-- Given material follows --

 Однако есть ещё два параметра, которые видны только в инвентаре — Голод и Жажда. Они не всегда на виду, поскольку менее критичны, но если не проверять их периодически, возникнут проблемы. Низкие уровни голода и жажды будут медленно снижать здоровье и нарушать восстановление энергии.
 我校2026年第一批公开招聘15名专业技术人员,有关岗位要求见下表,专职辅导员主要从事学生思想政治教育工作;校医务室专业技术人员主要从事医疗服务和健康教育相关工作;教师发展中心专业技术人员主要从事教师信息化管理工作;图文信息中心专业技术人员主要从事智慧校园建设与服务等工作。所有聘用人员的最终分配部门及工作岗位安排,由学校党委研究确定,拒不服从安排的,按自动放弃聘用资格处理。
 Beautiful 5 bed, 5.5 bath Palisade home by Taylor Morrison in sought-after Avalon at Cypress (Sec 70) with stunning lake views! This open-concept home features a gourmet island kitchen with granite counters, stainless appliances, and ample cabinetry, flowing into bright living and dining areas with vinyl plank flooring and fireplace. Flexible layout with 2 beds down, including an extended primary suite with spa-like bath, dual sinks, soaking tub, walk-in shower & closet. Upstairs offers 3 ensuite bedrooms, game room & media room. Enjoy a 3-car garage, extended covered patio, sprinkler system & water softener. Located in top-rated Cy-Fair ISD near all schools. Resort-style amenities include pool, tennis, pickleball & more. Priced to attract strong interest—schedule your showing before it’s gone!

-- Given material concluded --

Please copy the material exactly, line for line.

 Однако есть ещё два параметра, которые видны только в инвентаре — Голод и Жажда. Они не всегда на виду, поскольку менее критичны, но если не проверять их периодически, возникнут проблемы. Низкие уровни голода и жажды будут медленно снижать здоровье и нарушать восстановление энергии.
 我校2026年第一批公开招聘15名专业技术人员,有关岗位要求见下表,专职辅导员主要从事学生思想政治教育工作;校医务室专业技术人员主要从事医疗服务和健康教育相关工作;教师发展中心专业技术人员主要从事教师信息化管理工作;图文信息中心专业技术人员主要从事智慧校园建设与服务等工作。所有聘用人员的最终分配部门及工作岗位安排,由学校党委研究确定,拒不服从安排的,按自动放弃聘用资格处理。
 Beautiful 5 bed, 5.5 bath Palisade home by Taylor Morrison in sought-after Avalon at Cypress (Sec 70) with stunning lake views! This open-concept home features a gourmet island kitchen with granite counters, stainless appliances, and ample cabinetry, flowing into bright living and dining areas with vinyl plank flooring and fireplace. Flexible layout with 2 beds down, including an extended primary suite with spa-like bath, dual sinks, soaking tub, walk-in shower & closet. Upstairs offers 3 ensuite bedrooms, game room & media room. Enjoy a 3-car garage, extended covered patio, sprinkler system & water softener. Located in top-rated Cy-Fair ISD near all schools. Resort-style amenities include pool, tennis, pickleball & more. Priced to attract strong interest—schedule your showing before it’s gone!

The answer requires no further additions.